[Raw data — start]

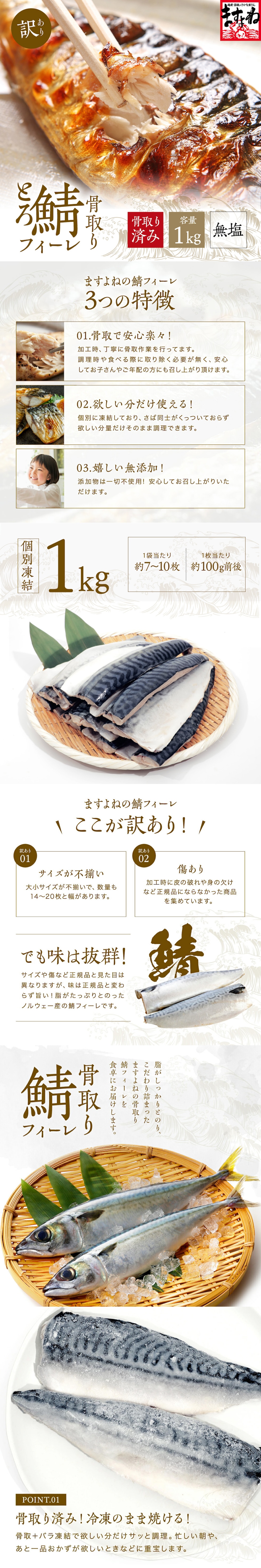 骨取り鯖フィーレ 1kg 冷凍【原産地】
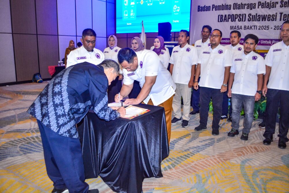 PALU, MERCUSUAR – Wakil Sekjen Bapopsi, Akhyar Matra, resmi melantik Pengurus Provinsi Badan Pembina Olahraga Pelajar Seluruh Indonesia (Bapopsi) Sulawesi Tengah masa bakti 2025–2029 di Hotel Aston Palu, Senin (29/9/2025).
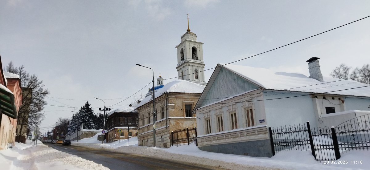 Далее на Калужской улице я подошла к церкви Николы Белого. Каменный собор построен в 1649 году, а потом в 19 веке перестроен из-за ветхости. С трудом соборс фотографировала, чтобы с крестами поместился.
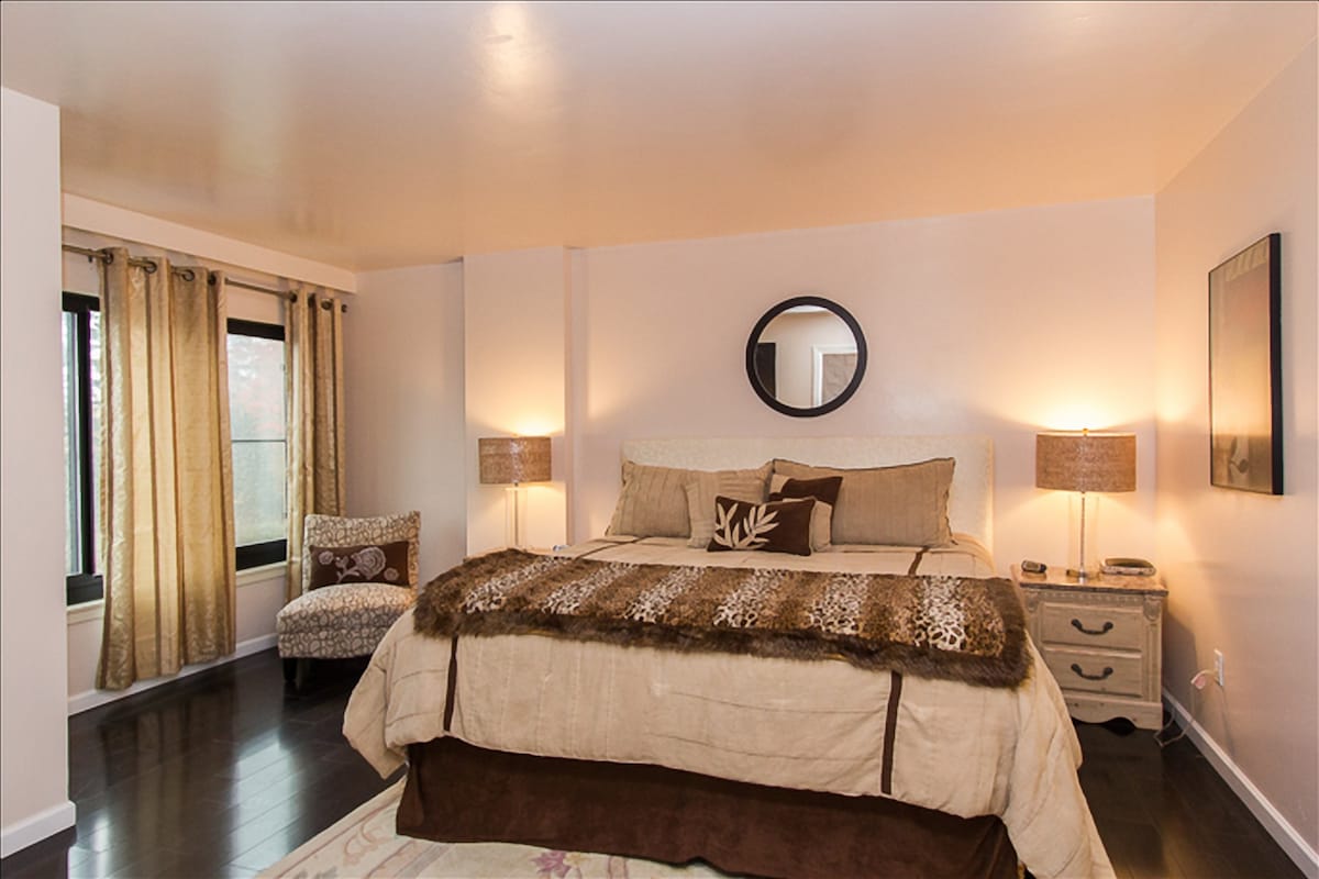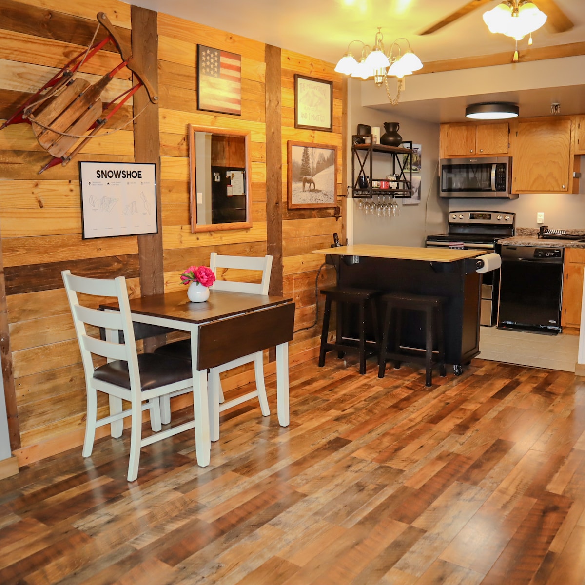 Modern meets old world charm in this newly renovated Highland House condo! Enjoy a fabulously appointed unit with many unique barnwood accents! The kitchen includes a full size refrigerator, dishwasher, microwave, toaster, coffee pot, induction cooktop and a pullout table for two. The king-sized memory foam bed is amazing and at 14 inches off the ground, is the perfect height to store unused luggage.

[Raw data — finish]
[Raw data — start]

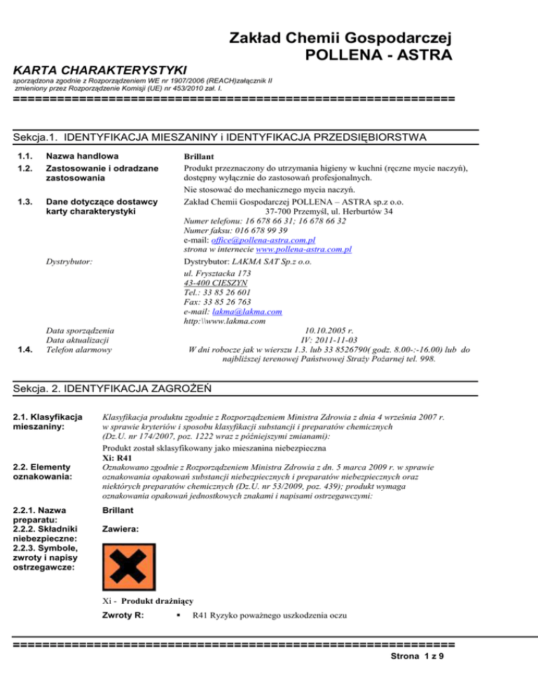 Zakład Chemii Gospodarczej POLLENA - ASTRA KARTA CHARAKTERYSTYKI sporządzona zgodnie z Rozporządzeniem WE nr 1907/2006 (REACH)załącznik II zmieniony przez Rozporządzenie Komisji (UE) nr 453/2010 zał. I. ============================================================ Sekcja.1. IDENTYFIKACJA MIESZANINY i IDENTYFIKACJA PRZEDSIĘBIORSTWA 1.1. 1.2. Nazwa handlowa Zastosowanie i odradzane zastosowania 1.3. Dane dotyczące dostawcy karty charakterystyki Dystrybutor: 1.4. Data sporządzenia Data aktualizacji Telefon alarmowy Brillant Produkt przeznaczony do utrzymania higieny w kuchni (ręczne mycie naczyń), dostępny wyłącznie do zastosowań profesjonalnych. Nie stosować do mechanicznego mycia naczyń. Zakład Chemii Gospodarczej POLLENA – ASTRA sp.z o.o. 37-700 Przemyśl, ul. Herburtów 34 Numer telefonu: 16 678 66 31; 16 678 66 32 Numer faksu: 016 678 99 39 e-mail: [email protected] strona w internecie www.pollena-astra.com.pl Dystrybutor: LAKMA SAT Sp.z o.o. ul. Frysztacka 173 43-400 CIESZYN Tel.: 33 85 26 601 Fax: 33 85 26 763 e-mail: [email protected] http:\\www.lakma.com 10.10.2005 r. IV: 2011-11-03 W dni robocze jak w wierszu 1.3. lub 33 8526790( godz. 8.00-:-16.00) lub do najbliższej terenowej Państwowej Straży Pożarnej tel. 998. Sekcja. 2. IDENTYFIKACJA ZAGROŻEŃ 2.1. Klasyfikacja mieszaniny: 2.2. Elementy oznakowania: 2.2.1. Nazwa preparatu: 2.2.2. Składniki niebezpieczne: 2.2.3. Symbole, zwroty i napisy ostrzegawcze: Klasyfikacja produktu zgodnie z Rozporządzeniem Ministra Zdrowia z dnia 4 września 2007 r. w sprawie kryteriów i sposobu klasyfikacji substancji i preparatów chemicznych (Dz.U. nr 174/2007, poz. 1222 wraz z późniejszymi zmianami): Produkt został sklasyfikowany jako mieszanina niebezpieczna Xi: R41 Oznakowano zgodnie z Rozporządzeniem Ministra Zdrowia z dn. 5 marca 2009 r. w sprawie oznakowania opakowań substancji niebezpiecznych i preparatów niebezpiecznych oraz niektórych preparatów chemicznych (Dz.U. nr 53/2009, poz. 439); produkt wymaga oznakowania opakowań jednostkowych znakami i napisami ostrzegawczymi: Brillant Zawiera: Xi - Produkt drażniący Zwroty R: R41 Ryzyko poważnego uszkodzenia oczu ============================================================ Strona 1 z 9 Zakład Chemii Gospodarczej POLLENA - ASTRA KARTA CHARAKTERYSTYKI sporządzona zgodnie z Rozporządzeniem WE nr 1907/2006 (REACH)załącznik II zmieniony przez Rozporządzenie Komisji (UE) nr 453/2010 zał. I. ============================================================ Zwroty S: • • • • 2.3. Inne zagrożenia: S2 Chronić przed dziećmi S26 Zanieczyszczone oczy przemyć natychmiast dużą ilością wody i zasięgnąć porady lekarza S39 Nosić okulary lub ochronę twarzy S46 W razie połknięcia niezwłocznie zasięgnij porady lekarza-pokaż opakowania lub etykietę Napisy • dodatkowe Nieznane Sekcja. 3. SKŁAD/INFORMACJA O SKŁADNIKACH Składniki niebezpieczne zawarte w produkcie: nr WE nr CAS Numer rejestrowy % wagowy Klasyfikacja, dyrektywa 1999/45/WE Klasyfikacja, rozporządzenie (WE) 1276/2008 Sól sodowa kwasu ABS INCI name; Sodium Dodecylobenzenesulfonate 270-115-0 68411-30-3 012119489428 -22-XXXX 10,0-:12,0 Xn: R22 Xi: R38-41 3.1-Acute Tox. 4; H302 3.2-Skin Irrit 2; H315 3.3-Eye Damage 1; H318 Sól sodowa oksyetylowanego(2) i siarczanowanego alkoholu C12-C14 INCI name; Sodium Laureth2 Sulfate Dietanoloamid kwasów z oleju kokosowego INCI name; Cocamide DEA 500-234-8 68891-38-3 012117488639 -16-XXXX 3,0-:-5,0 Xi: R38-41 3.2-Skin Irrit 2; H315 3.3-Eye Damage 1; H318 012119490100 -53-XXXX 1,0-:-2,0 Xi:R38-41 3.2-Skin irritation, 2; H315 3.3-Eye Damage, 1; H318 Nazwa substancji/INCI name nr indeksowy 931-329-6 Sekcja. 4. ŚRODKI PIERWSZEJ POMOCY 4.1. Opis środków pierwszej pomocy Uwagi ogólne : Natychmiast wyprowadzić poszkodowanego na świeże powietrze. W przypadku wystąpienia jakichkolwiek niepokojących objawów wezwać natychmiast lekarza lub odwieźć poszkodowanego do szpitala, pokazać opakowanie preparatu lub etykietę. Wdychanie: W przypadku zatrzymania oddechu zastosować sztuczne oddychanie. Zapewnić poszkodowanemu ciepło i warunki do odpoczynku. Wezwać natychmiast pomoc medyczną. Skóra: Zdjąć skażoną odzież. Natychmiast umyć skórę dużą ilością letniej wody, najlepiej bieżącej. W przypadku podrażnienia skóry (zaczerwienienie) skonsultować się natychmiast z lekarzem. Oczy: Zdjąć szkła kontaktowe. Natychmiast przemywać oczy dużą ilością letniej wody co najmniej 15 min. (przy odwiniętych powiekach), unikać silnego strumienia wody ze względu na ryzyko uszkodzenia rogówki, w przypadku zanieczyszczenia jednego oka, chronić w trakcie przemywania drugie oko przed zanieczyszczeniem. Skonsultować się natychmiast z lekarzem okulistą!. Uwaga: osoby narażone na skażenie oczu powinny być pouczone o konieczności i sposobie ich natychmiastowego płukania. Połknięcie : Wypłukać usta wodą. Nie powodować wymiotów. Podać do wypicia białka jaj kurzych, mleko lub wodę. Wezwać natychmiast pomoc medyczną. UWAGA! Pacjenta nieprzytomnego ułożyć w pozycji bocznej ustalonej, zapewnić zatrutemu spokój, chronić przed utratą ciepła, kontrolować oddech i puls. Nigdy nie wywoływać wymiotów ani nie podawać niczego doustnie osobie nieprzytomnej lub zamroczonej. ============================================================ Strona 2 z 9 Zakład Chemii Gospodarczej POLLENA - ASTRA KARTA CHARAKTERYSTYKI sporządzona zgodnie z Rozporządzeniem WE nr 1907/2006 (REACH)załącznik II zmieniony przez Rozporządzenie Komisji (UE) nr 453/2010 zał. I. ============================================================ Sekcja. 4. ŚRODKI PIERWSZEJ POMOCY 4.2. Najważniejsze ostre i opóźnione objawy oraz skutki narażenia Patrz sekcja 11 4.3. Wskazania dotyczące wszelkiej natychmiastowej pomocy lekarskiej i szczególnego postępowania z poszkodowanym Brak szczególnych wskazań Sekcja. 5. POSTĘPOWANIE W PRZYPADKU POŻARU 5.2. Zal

[Raw data — finish]
[Raw data — start]

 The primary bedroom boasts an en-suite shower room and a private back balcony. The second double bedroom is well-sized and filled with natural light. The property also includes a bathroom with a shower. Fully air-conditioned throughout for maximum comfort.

[Raw data — finish]

Exercise instructions:
Above are some entries; copy exactly the lines from the line with "骨取り鯖フィーレ 1kg 冷凍【原産地】" through the line with "Далее на Калужской", both included, but none of the pictures.

Answer for this exercise:
 骨取り鯖フィーレ 1kg 冷凍【原産地】
 PALU, MERCUSUAR – Wakil Sekjen Bapopsi, Akhyar Matra, resmi melantik Pengurus Provinsi Badan Pembina Olahraga Pelajar Seluruh Indonesia (Bapopsi) Sulawesi Tengah masa bakti 2025–2029 di Hotel Aston Palu, Senin (29/9/2025).
 Далее на Калужской улице я подошла к церкви Николы Белого. Каменный собор построен в 1649 году, а потом в 19 веке перестроен из-за ветхости. С трудом соборс фотографировала, чтобы с крестами поместился.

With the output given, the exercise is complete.